13En Nazareth verlaten hebbende, is komen wonen te Kapernaum, gelegen aan de zee, in de landpale van Zebulon en Nafthali;
13Leaving Nazareth, he came and lived in Capernaum, which is by the sea, in the region of Zebulun and Naphtali,
14Opdat vervuld zou worden, hetgeen gesproken is door Jesaja, den profeet, zeggende:
14that it might be fulfilled which was spoken through Isaiah the prophet, saying,
15Het land Zebulon en het land Nafthali aan den weg der zee over de Jordaan, Galilea der volken;
15“The land of Zebulun and the land of Naphtali, toward the sea, beyond the Jordan, Galilee of the Gentiles,
16Het volk, dat in duisternis zat, heeft een groot licht gezien; en dengenen, die zaten in het land en de schaduwe des doods, denzelven is een licht opgegaan.
16the people who sat in darkness saw a great light, to those who sat in the region and shadow of death, to them light has dawned.”
17Van toen aan heeft Jezus begonnen te prediken en te zeggen: Bekeert u; want het Koninkrijk der hemelen is nabij gekomen.
17From that time, Jesus began to preach, and to say, “Repent!

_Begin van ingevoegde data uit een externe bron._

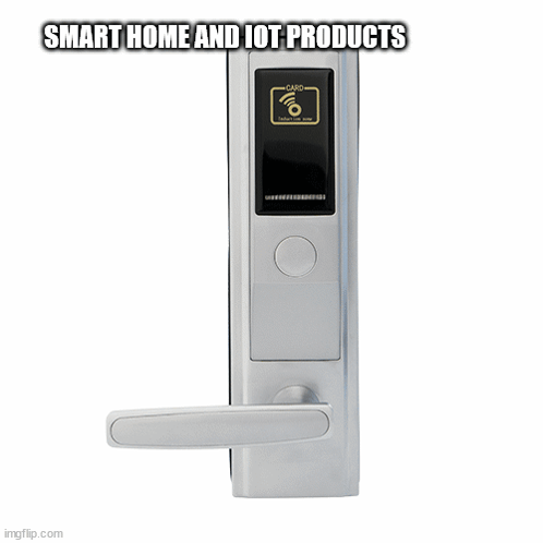 A smart home IoT door lock with a sleek silver design and an integrated card reader for secure access.

For the Kingdom of Heaven is at hand.”
18En Jezus, wandelende aan de zee van Galilea, zag twee broeders, namelijk Simon, gezegd Petrus, en Andreas, zijn broeder, het net in de zee werpende (want zij waren vissers);
18Walking by the sea of Galilee, he saw two brothers: Simon, who is called Peter, and Andrew, his brother, casting a net into the sea; for they were fishermen.
19En Hij zeide tot hen: Volgt Mij na, en Ik zal u vissers der mensen maken.
19He said to them, “Come after me, and I will make you fishers for men.”
20Zij dan, terstond de netten verlatende, zijn Hem nagevolgd.
20They immediately left their nets and followed him.
21En Hij, van daar voortgegaan zijnde, zag twee andere broeders, namelijk Jakobus, den zoon van Zebedeus, en Johannes, zijn broeder, in het schip met hun vader Zebedeus, hun netten vermakende, en heeft hen geroepen.
21Going on from there, he saw two other brothers, James the son of Zebedee, and John his brother, in the boat with Zebedee their father, mending their nets. He called them.
22Zij dan, terstond verlatende het schip en hun vader, zijn Hem nagevolgd.
22They immediately left the boat and their father, and followed him.
23En Jezus omging geheel Galilea, lerende in hun synagogen en predikende het Evangelie des Koninkrijks, en genezende alle ziekte en alle kwale onder het volk.
23Jesus went about in all Galilee, teaching in their synagogues, preaching the Good News of the Kingdom, and healing every disease and every sickness among the people.
24En Zijn gerucht ging van daar uit in geheel Syrie; en zij brachten tot Hem allen, die kwalijk gesteld waren, met verscheidene ziekten en pijnen bevangen zijnde, en van den duivel bezeten, en maanzieken en geraakten; en Hij genas dezelve.
24The report about him went out into all Syria. They brought to him all who were sick, afflicted with various diseases and torments, possessed with demons, epileptics, and paralytics; and he healed them.
25En vele scharen volgden Hem na, van Galilea en van Dekapolis, en van Jeruzalem, en van Judea, en van over de Jordaan.
25Great multitudes from Galilee, Decapolis, Jerusalem, Judea and from beyond the Jordan followed him.